SeferSimilarityMap

Sefer Similarity Map:

Visualizing the landscape of Jewish texts.

כי קרוב אליך הדבר

Joseph Hostyk and Alex Zaloum

Sefer Similarity Map is an exploratory tool to help uncover the substructure of books/chapters of Tanach, Talmud, and other Jewish texts, and visualize the underlying relationships between them.
These relationships can illuminate historical, authorial, linguistic, and stylistic connections between texts. The tool can also pick out related texts to any that one is currently learning or teaching.

Introduction

To start measuring similarity between texts, we consider the rates of words and phrases in each individual text. Other characteristics of the texts, such as theorized date of composition or author, were not included in the model, allowing the similarities along these attributes to emerge from the comparison of the texts themselves. This has been shown to work well, allowing texts to be clustered together merely based on counts of words.

Overall, this is a lot of data! There are around 40,000 unique words in Tanach. We have to keep track of each sefer’s rates of each of those words! That’s big enough if we just use 39 sfarim. If we switch to using subsections (e.g. the 929 prakim of Tanach), our table grows even larger.

n-grams

Let's make those tables even bigger!
We wanted to select features that would be helpful in identifying true substructure. The counts of single words is useful: only two sfarim have the word "מדינתא" (Ezra and Nehemiah), and we would expect them to be similar to each other, and probably not so similar to other sfarim. But a “bag of words” model (pure word counts, where order doesn’t matter) can only contain so much information. "Rav Huna" and "Rav Yosef" each share "Rav", but should be considered differently.
We therefore expanded to phrases - or “n-grams”. (A bigram is a two-word phrase; a trigram is three.) By including the counts of these n-grams, we retain more contextual information.

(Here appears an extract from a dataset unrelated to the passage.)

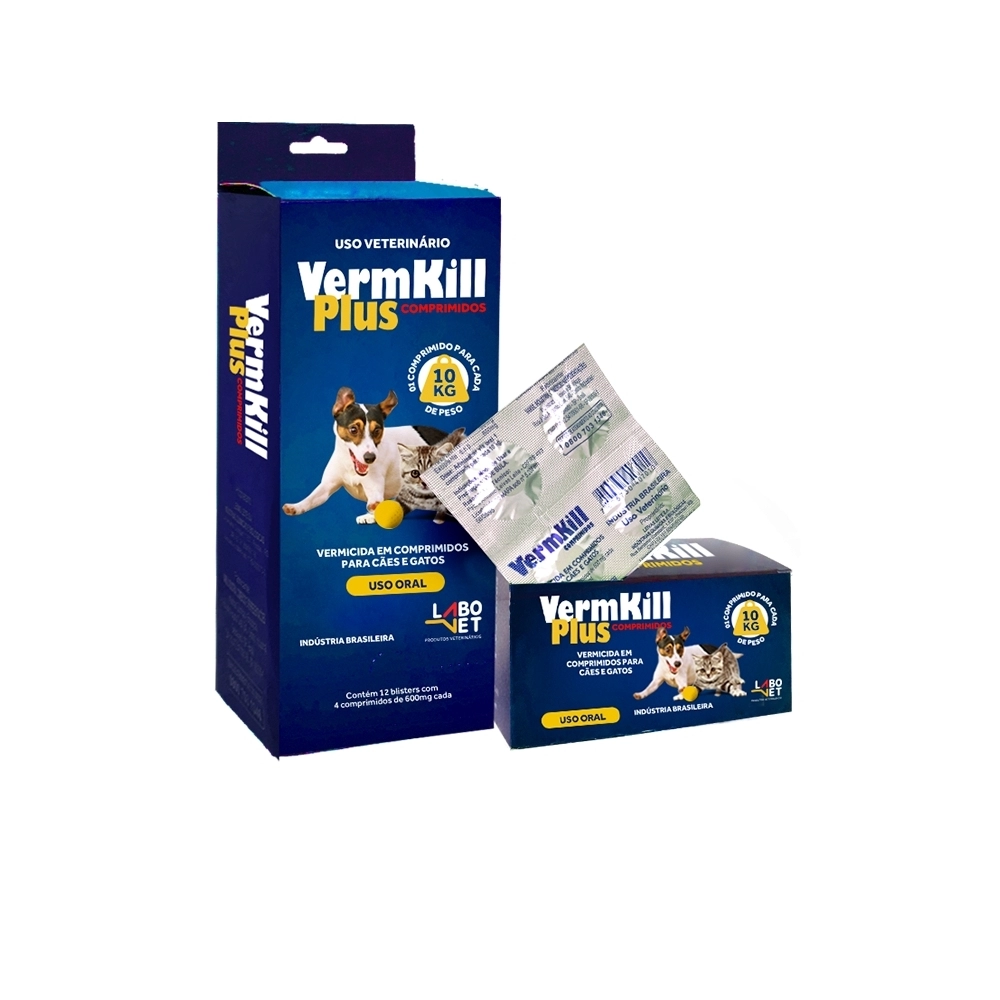 SAUDE ANIMAL>PET>ANTIPARASITARIO PET>Vermkill Plus Hospitalar 12x4 comprimidos Labovet

We can add the counts of these n-grams to our matrix, so that for each text, we have both the counts of single words, but also longer phrases. Below, depending on the size of texts we were comparing, we run on n-grams of up to size 4.

UMAP

This process leaves us with a giant matrix, with rows being the different texts, columns being the words within the corpus, and each cell being the frequency of that word within that text. Texts that have similar counts of the same words will have similar rows in the table. If we view the table as a representation of a high-dimensional space, then those text would also be near each other in this space. However, visualizing this would be really difficult! We can’t draw a plot in 100-thousand dimensions.
Dimensionality reduction is a technique to convert this high-dimensional data into something more manageable for us. We used a method called UMAP to reduce the dimensionality of our ngram-count matrix so that we could visualize the final result.
Texts that were near each other in the original high-dimensional space (because they have similar rates of the same words) should also be close in their UMAP projections into this new 2-D space. This means that texts that group together in the UMAP space (shown in our plots below), should truly have been similar in the high-dimensional space, meaning they should have similar values in the matrix, and should use similar rates of the same words. Clusters in our plots below should therefore truly represent similar texts!

Limitations:

Using raw counts is not ideal - longer texts will have higher values overall, which can throw off the clustering. Typically, you would normalize the values based on their frequency in the corpus as a whole. tf-idf is a common method; we played around with some custom scoring metrics, but did not include them below.
Natural Language Processing (NLP) techniques can add more nuance to the method. For example, we don’t account for prepositions: "והיה" is counted differently than "היה", while ideally we should lemmatize them and count them as the same word. However, the vast amounts of data should actually compensate for missing on the benefits NLP could bring to the table.
Similarly, we did not remove extremely common words. This makes comparisons of highly-repetitive texts difficult. When we ran our method on amudim in the Talmud, we produced two large clusters, instead of many highly differentiable ones. We believe this is because most amudim share a lot of similar words, which overwhelms their unique ones.
The method is slowed down by the number of texts selected for comparison. The number of features does not affect UMAP’s runtime significantly: a corpus of 200,000 words does not run that much slower than one of 50,000 words. However, a comparison of 40 texts runs extremely quickly, while 900 texts runs over a few minutes, and the 5,350 amudim of the Talmud took very long to run.

Results/Usage

Our code is below, with interactive results at the bottom. We ran some analyses comparing full sfarim, and some on subsections (e.g. prakim of Tanach, amudim of Talmud).
By mousing over different dots, you can see the texts in the comparison. You can also search above each graph to highlight specifics texts within it.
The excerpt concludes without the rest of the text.